Her election provoked negative reactions from the leadership of the Russian Orthodox Church which declared that it was ready to suspend its dialogue with German Lutherans because of Käßmann's non-traditional views and her unusual status as a female Protestant bishop.
On 20 February 2010, Käßmann was pulled over for driving through a red light on the streets of Hanover. It was determined through a blood test that her blood alcohol level was at 1.54 per mil. Her license was immediately confiscated. She could face the loss of her driver's license for one year and pay a fine of one month's salary. Despite receiving a vote of confidence from the council of the Evangelical Church in Germany, she stepped down from her office as leader of the Evangelical Church and as bishop on 24 February 2010.

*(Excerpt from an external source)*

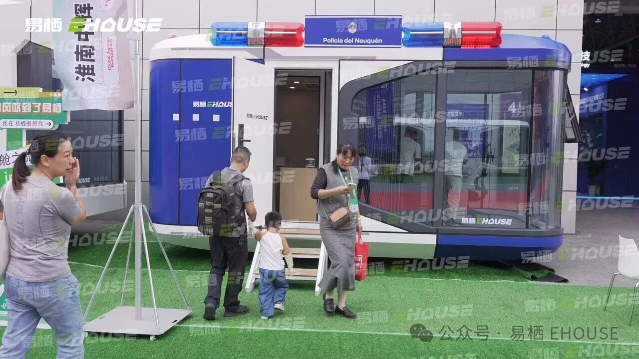展台上,一台线条流畅、科技感十足的智能太空舱成为全场焦点。其极具未来感的外观设计与精致的工艺细节,吸引众多参观者驻足拍照。与此同时,展区一侧陈列的模块化警务亭,则以务实干练的形象,展示了易栖产品在公共服务领域的应用拓展。

An attack on the right-wing AfD in the course of a Bible workshop during the Evangelical Church Convention in 2017 in which she stated that the AfD "all German" policy was implicitly "nazi" caused widespread comment and controversy. Her words. "Keine Frage mehr, jetzt ist es klar. Frauen sollen Kinder bekommen, wenn sie,biodeutsch‘ sind. Das ist eine neue rechte Definition von einheimisch gemäß dem sogenannten kleinen Arierparagrafen der Nationalsozialisten: zwei deutsche Eltern, vier deutsche Großeltern. Da weiß man, woher der braune Wind wirklich weht.“ "No question, it's clear. Women should have children when they are "bioGerman". That is a new right position of 'indigenous' in accordance with the so-called Aryan paragraphs of the National Socialists: two German parents, four German grandparents. You can see from that where the brown wind is blowing from."

Honours

Käßmann promotes larger emphasis on Christianity in the Protestant church, compared to past decades; for example, she is concerned by the fact that lessons for confirmation candidates focus more on cults and drugs than on the Bible. She argues for a clearer spiritual profile in church-run facilities, for example, more Bible stories being told in Protestant kindergartens rather than only secular songs being sung. In her opinion, children and adults should pray more, and churches should look like churches and not like noncommittal community centers.
She also criticises a number of positions of the Roman Catholic Church. For example, she disagrees with some of the Roman Catholic teachings about homosexuality, artificial contraception, action on reducing the spread of AIDS, ordination of women and celibacy.